Use the derivative rules to find the derivative of $$h(x)=\dfrac{2x+1}{x^3}$$

Solution

We will use the third derivative rule to find the derivative of $$h(x)$$.

\begin{align}\dfrac{dh}{dx}&=\dfrac{d}{dx}\left(\dfrac{2x+1}{x^3}\right)\\&=\dfrac{(2x+1)'x^3-(x^3)'(2x+1)}{(x^3)^2}\\&=\dfrac{2x^3-3x^2(2x+1)}{x^6}\\&=-\dfrac{(4x^3+3x^2)}{x^6}\end{align}

 $$\therefore$$ The derivative of the function $$h(x)=\dfrac{2x+1}{x^3}$$ is $$-\dfrac{(4x^3+3x^2)}{x^6}$$.

Do you want to determine if the function is differentiable by just looking at its graph?

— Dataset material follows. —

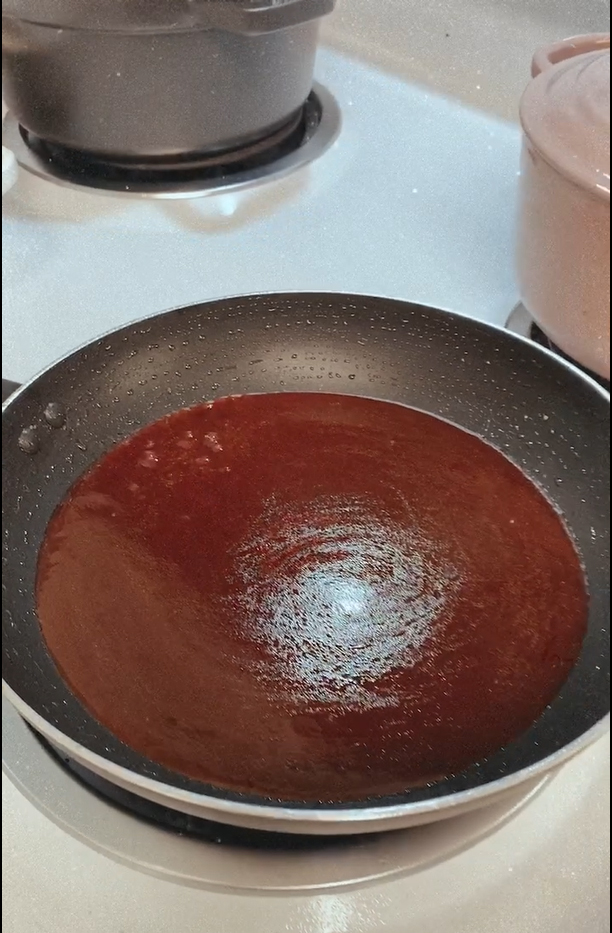 同時開始調醬料,把韓式辣醬1匙、番茄sauce 、醬油、白醋、楓糖漿、蜂蜜、麻油、攪拌均勻,邊調邊試味道哦。(像我喜歡酸甜一點,辣醬就放比較少)。

Don't worry! Here are some tricks you can remember while viewing a graph of a function.

Tips and Tricks
 1. If a graph has a sharp corner at a point, then the function is not differentiable at that point. 2. If a graph has a break at a point, then the function is not differentiable at that point. 3. If a graph has a vertical tangent line at a point, then the function is not differentiable at that point.

## Interactive Questions

Here are a few activities for you to practice.

## Let's Summarize

We hope you enjoyed learning about differentiable with the examples and practice questions. Now, you will be able to easily solve differentiability problems.

At Cuemath, our team of math experts is dedicated to making learning fun for our favorite readers, the students!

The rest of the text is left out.